Supplied data section start

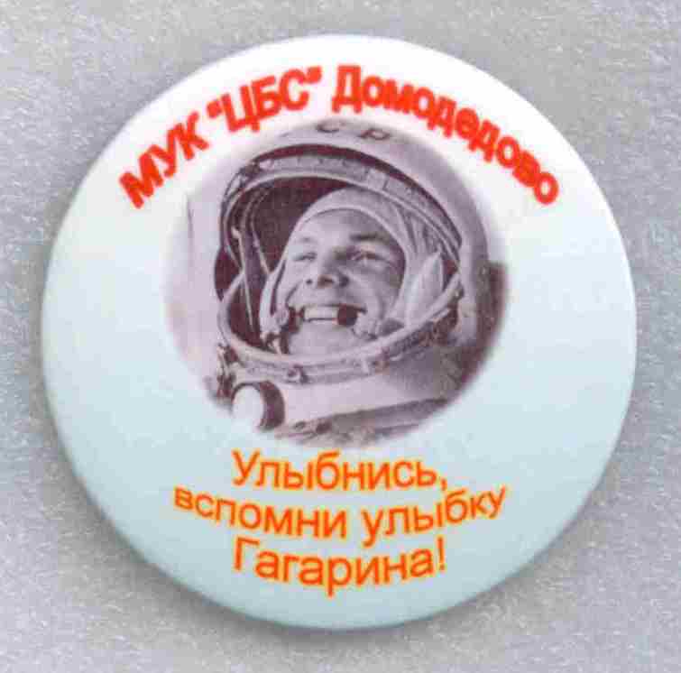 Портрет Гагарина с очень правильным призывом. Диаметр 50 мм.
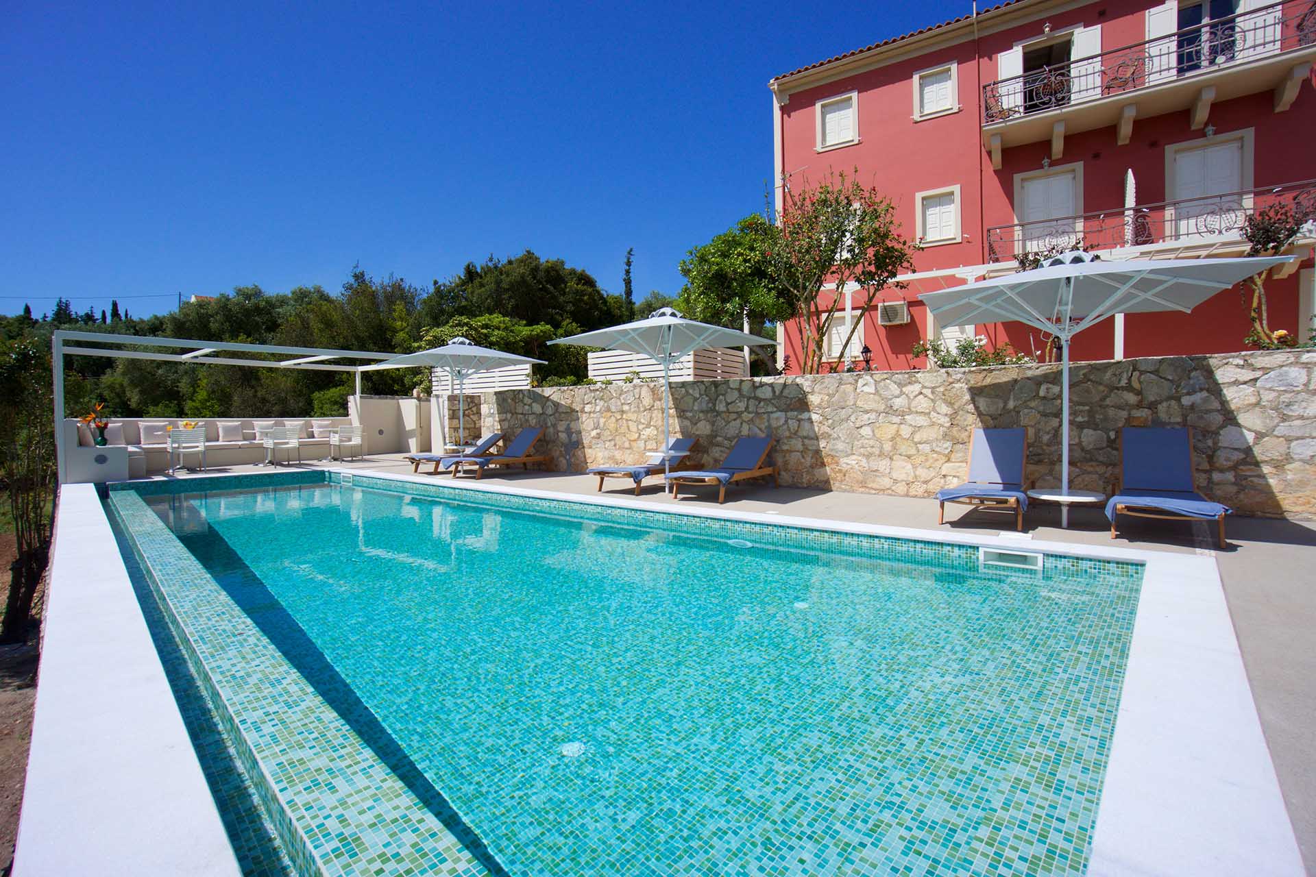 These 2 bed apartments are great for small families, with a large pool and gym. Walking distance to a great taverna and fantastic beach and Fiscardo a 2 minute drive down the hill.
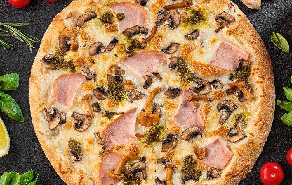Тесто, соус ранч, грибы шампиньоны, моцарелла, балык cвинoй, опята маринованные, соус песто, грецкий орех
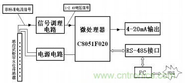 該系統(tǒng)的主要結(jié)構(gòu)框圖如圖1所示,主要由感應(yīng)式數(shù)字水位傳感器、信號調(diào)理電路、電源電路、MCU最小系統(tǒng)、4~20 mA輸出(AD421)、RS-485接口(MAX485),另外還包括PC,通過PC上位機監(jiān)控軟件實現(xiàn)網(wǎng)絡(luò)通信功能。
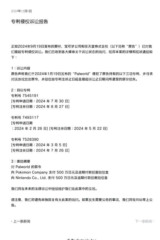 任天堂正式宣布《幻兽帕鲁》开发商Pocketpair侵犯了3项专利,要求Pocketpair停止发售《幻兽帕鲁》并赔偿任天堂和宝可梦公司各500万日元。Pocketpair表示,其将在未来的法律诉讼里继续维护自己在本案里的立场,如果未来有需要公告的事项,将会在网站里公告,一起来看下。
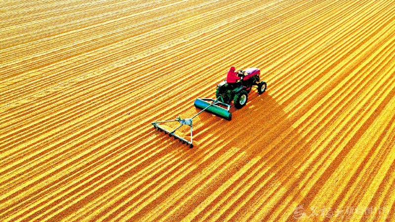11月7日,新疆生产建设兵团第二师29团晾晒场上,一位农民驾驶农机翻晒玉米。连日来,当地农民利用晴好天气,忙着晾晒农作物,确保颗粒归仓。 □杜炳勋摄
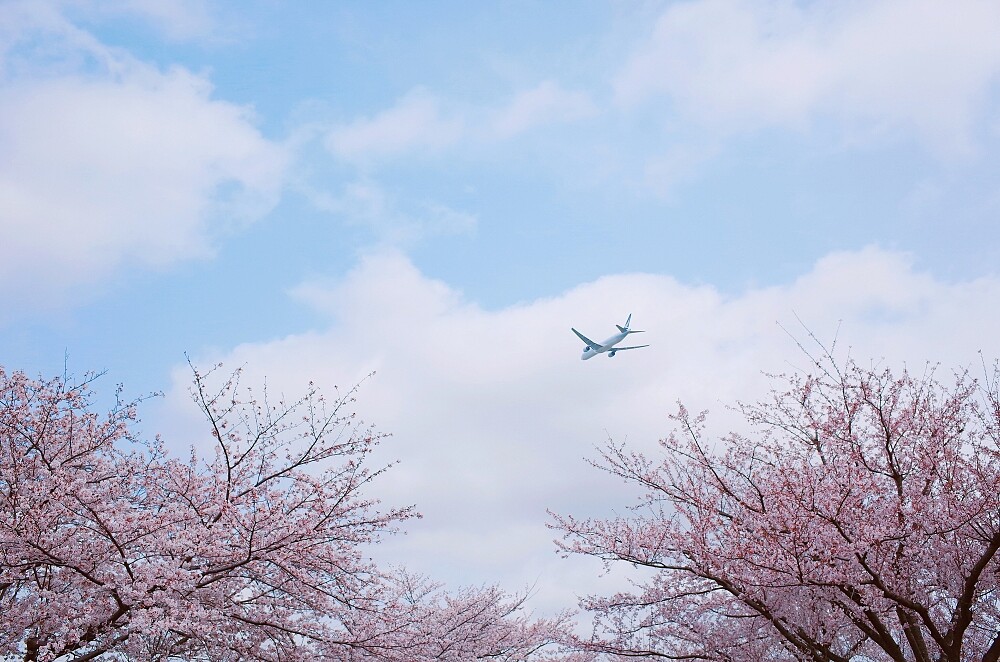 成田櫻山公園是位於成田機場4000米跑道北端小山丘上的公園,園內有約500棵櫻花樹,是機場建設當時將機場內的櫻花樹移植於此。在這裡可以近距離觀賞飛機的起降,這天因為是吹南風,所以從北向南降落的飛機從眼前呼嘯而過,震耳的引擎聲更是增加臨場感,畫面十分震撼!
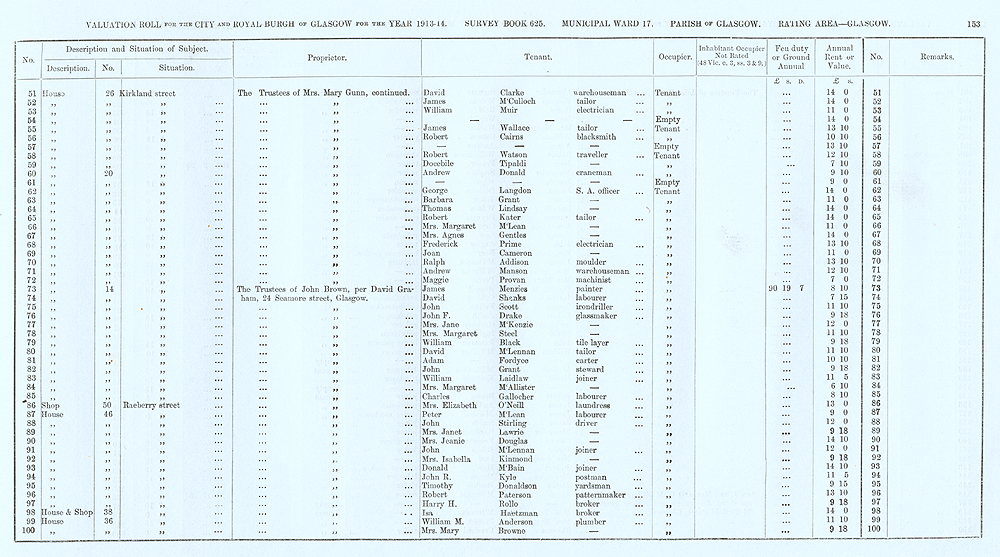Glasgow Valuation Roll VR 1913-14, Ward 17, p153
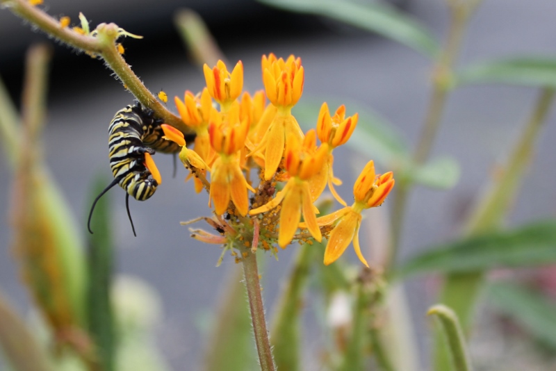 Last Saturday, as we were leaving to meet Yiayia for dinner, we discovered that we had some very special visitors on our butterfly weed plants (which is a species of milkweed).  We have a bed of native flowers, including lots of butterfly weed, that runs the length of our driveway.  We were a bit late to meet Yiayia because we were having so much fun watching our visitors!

Supplied data section end

● Task description
The records above are to be retyped exactly, with every picture left out.

● The completed task
 Портрет Гагарина с очень правильным призывом. Диаметр 50 мм.
 These 2 bed apartments are great for small families, with a large pool and gym. Walking distance to a great taverna and fantastic beach and Fiscardo a 2 minute drive down the hill.
Тесто, соус ранч, грибы шампиньоны, моцарелла, балык cвинoй, опята маринованные, соус песто, грецкий орех
 該系統(tǒng)的主要結(jié)構(gòu)框圖如圖1所示,主要由感應(yīng)式數(shù)字水位傳感器、信號調(diào)理電路、電源電路、MCU最小系統(tǒng)、4~20 mA輸出(AD421)、RS-485接口(MAX485),另外還包括PC,通過PC上位機監(jiān)控軟件實現(xiàn)網(wǎng)絡(luò)通信功能。
 任天堂正式宣布《幻兽帕鲁》开发商Pocketpair侵犯了3项专利,要求Pocketpair停止发售《幻兽帕鲁》并赔偿任天堂和宝可梦公司各500万日元。Pocketpair表示,其将在未来的法律诉讼里继续维护自己在本案里的立场,如果未来有需要公告的事项,将会在网站里公告,一起来看下。
11月7日,新疆生产建设兵团第二师29团晾晒场上,一位农民驾驶农机翻晒玉米。连日来,当地农民利用晴好天气,忙着晾晒农作物,确保颗粒归仓。 □杜炳勋摄
 成田櫻山公園是位於成田機場4000米跑道北端小山丘上的公園,園內有約500棵櫻花樹,是機場建設當時將機場內的櫻花樹移植於此。在這裡可以近距離觀賞飛機的起降,這天因為是吹南風,所以從北向南降落的飛機從眼前呼嘯而過,震耳的引擎聲更是增加臨場感,畫面十分震撼!
Glasgow Valuation Roll VR 1913-14, Ward 17, p153
 Last Saturday, as we were leaving to meet Yiayia for dinner, we discovered that we had some very special visitors on our butterfly weed plants (which is a species of milkweed).  We have a bed of native flowers, including lots of butterfly weed, that runs the length of our driveway.  We were a bit late to meet Yiayia because we were having so much fun watching our visitors!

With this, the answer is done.